Looking for More Gluten Free Muffin Recipes?
- Healthy Quinoa Banana and Strawberry Muffins
- Easy Sweet Cornbread Muffins (Gluten Free)
- Almond Butter Oatmeal Muffins
- Gluten Free Double Chocolate Muffins
- Easy Gluten Free Blueberry Muffins
- Gluten Free Chocolate Chip Muffins
- Gluten Free Zucchini Muffins
If you tried this recipe or any other recipe on the blog, don’t forget to leave a star rating and let me know how it turned out in the comments below. I really enjoy hearing from you!
- 2/3 cup sugar
- 1/2 cup vegetable oil
- 2 eggs
- 2/3 cup ripe bananas, mashed
- 1 teaspoon vanilla
- 1 2/3 cup gluten free flour
- 1 teaspoon xanthan gum
- 2 teaspoons baking soda
- 1/2 teaspoon salt
- 1/2 teaspoon ground cinnamon
- 1/4 cup butter, melted
- 1/4 cup sugar
- 1/2 teaspoon ground cinnamon
Preheat oven to 375 degrees and line muffin pan with paper baking cups.
In medium bowl, whisk together 2/3 cup sugar, oil and eggs until combined.

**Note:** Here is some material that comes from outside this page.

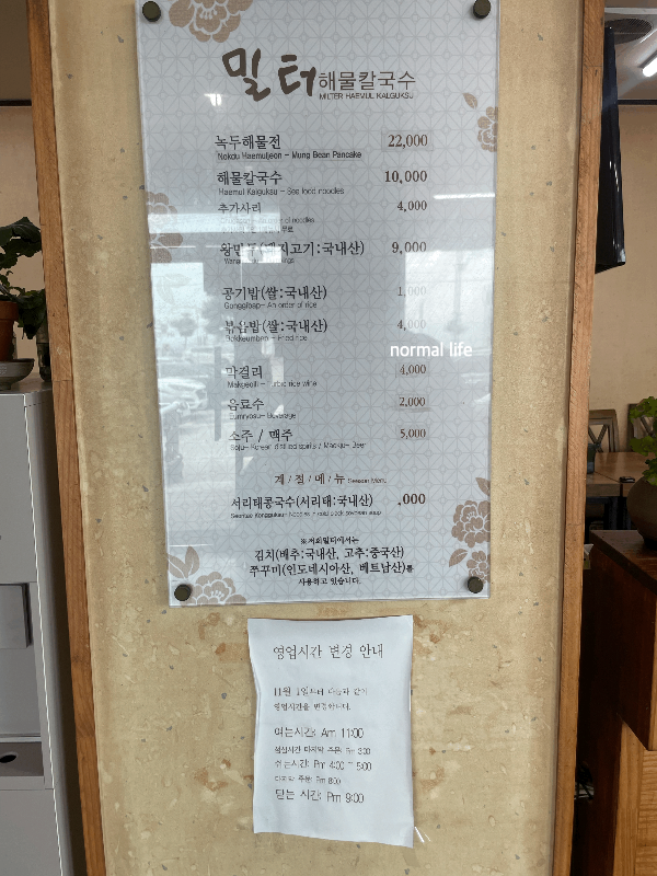 밀터의 대표메뉴인 해물칼국수 1인분 10,000원 1인 1 메뉴시 추가사리는 무료이다. 1인분이지만 낙지, 새우, 조개, 홍합과 미역이 들어간 부드러운 미역칼국수면이 1인분이지만 2명이도 식사 가능한 혜자스러운 양이다. 밀터에서 꼭 맛봐야 할 녹두해물전 22,000원, 왕만두 9,000원 여수막걸리 4,000원 음료 2,000원 주류 5,000원이다.

Add mashed bananas and vanilla and stir together.
Add in remaining muffin ingredients and stir until just combined. Be careful not to overmix the batter.
Divide the batter among the baking cups.
Bake 18 minutes or until wooden pick inserted in center comes out clean.
Remove muffins from pan and allow to cool on wire rack.
For topping: Stir 1/4 cup sugar and 1/2 teaspoon cinnamon togethr in small bowl.
With a pastry brush, brush the muffins tops with the melted butter. Using a tablespoon, sprinkle the cinnamon-sugar mixture over the tops of the muffins.
- When adding the dry ingredients to the wet ingredients, be careful not to overmix the batter.
- Test the muffins for doneness at 16 minutes. Oven temperatures vary and you may need less baking time.
- Use a pastry brush to brush the melted butter on the muffin tops for even coverage.